Tiga situasi yang sering muncul saat diskusi dengan klien di Bangka Belitung.
Tanpa digital
Website company profile belum ada atau masih sangat sederhana, dokumentasi mining license atau plantation certification tidak jelas, dan kapasitas produksi tidak terstruktur. Buyer dari Malaysia, Singapura, atau China melakukan vendor screening online sebelum nego harga. Tanpa website profesional yang menampilkan production capacity, export track record, dan compliance documentation, eksportir lokal kalah dari supplier Kalimantan atau Sumatera yang online presence-nya lebih kuat.
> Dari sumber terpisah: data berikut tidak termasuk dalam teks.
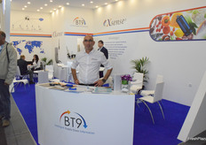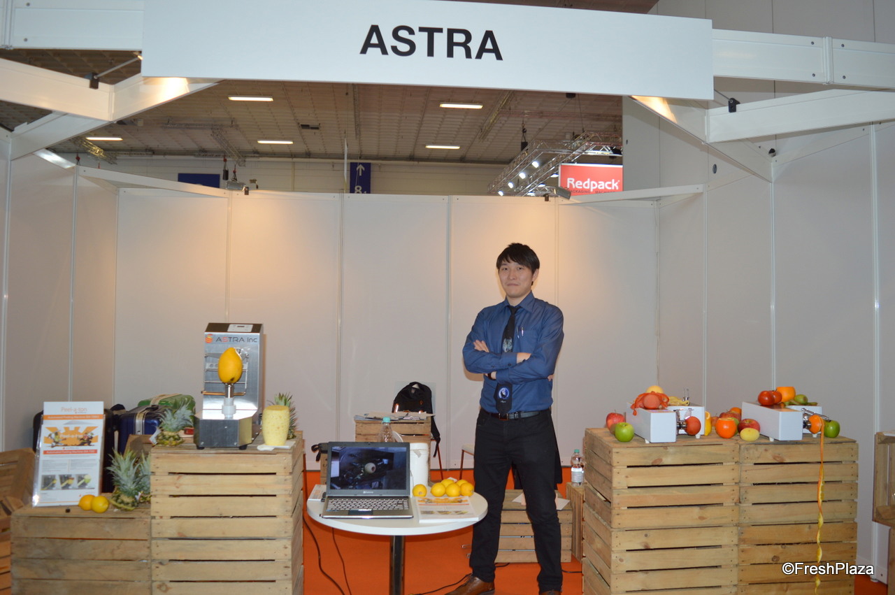 Mr Ryo Takeshita of ASTRA. The company produces a series of automates labor-intensive fruit and vegetable peeling machines. Ryo said visitors who passed his booth are all very surprised with their tomato peeling machine.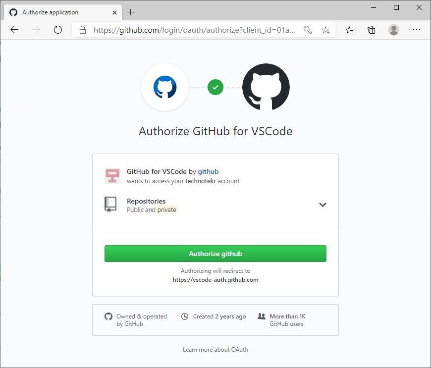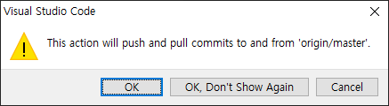 6) 첫 push 시 vscode에서 반영하고자 하는 github repository 에 push 권한 여부 확인이 필요하여 아래와 같은 절차가 진행됨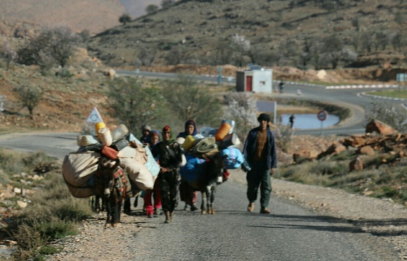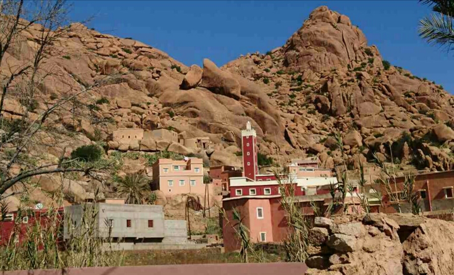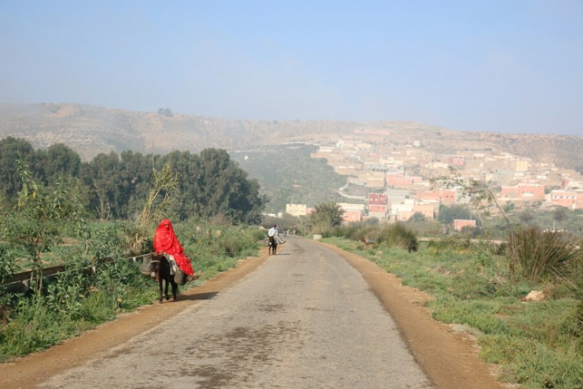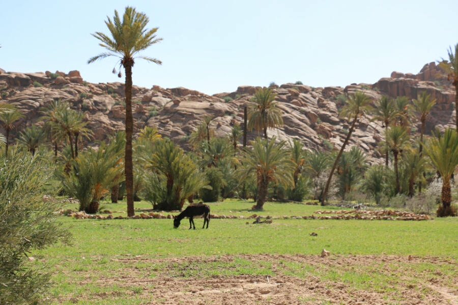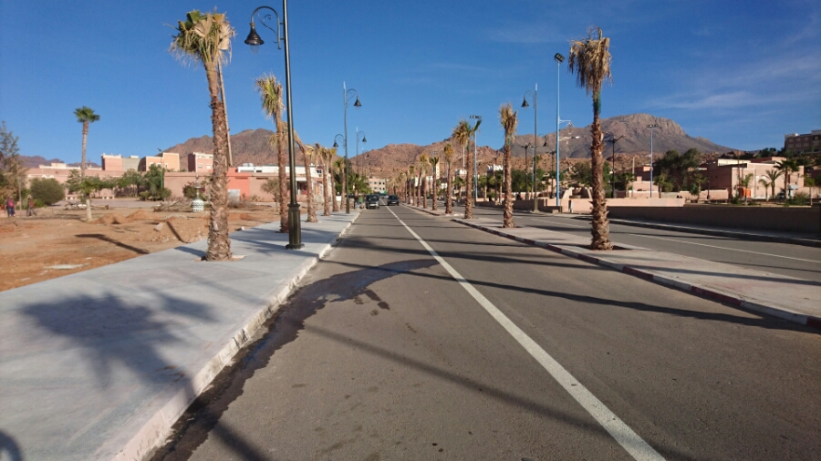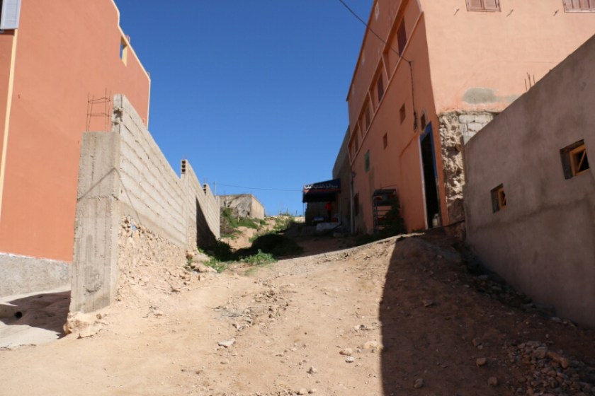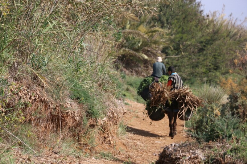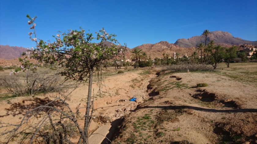 Den är flera kilometer lång. Efter regnet så var det lerigt och mycket kladdigt på sina håll. Vi går genom byn Tighmert ner till den uttorkade floden där en bevattningsränna hade byggds. Vattnet rann på bra där.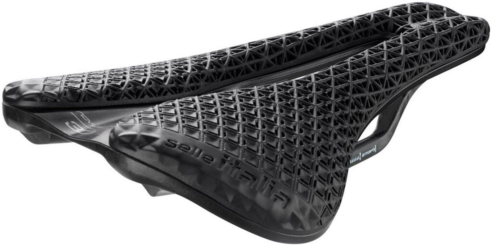 3D printed cover with dedicated and proprietary pattern featuring differentiated cushioning zones that provide progressive absorption over the entire surface area, ensuring the cyclist optimal comfort and support.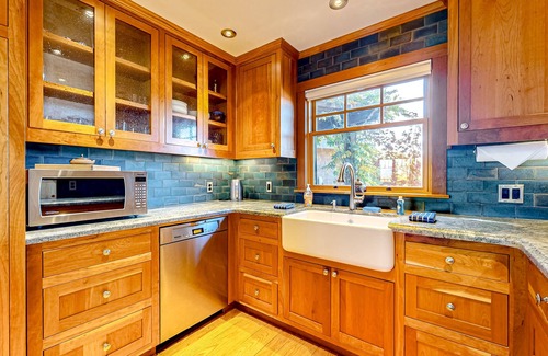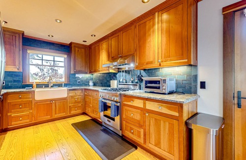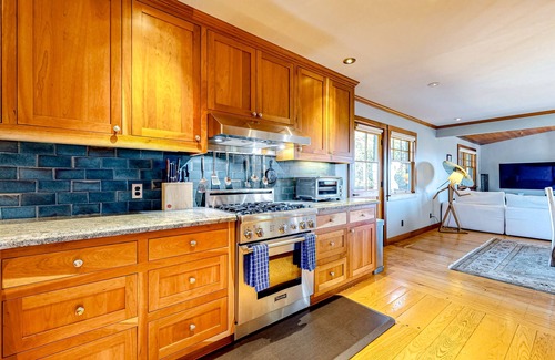All throughout the house, you'll find gorgeous elements of natural wood, with large windows and glass doors bringing in the spectacular setting. Enjoy an elegant kitchen, a country dining table, and an open living room where you can read, play board games, and stream movies in the warmth of a wood-burning fireplace. Bonus features of the house include serene bedrooms with high-end Purple mattresses and pillows providing deeply restorative sleep, matched with full bathrooms. A private laundry room and complimentary WiFi offer additional convenience during your stay.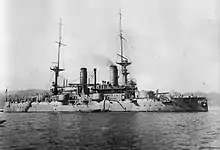 The Russian battleship Poltava (Russian: Полтава) was one of three Petropavlovsk-class pre-dreadnought battleships built for the Imperial Russian Navy in the 1890s. The ship was transferred to the Pacific Squadron shortly after completion and based at Port Arthur from 1901. During the Russo-Japanese War of 1904–1905, she participated in the Battle of Port Arthur and was heavily damaged during the Battle of the Yellow Sea. She was sunk by Japanese artillery during the subsequent siege of Port Arthur in December 1904, but was raised by the Imperial Japanese Navy (IJN) after the war and renamed Tango (丹後).

Komoditas seperti timah dan lada butuh trust signal kuat karena volume besar dan payment term panjang.
Dengan solusi tepat
Website eksportir dengan product specification, mining/plantation certification, export history, capacity documentation, dan buyer inquiry form multilingual untuk kredibilitas B2B internasional.
Tanpa digital
Booking tour masih lewat WhatsApp atau marketplace yang potong komisi besar, jadwal guide dan boat tidak terkoordinasi dengan baik, dan stok seafood tidak realtime. Ketika high season, overbooking sering terjadi karena tidak ada calendar terintegrasi. Guide dan captain boat tidak ada absensi digital, payroll masih manual dan sering dispute. Resto seafood kesulitan forecast stock karena data penjualan tidak tercatat rapih. Bisnis pariwisata tumbuh pesat tapi operasional belum scalable karena masih pakai sistem manual.
Dengan solusi tepat
Aplikasi tour & resto management dengan booking calendar, guide & boat scheduling, GPS tracking tour, seafood inventory, dan payment tracking untuk operasional wisata yang lebih terstruktur.
Tanpa digital
Distribusi ke pulau-pulau kecil masih koordinasi manual, inventory tidak realtime per agen atau toko, dan jadwal kapal cargo tidak terintegrasi dengan order. Ketika supply ke Belitung, Bangka Tengah, atau pulau kecil lainnya, barang sering telat atau salah kirim karena koordinasi lemah. Piutang agen over limit baru ketahuan setelah barang keluar, dan stock opname manual memakan waktu lama. Owner tidak bisa lihat realtime stok mana yang fast-moving per area dan kapal mana yang lagi transit. Inter-island logistics butuh sistem yang bisa handle offline mode dan sync otomatis.
Dengan solusi tepat
Software distribusi multi-pulau dengan inventory realtime per lokasi, shipping schedule integration, agen credit limit management, offline-capable mobile app, dan dashboard logistics per route.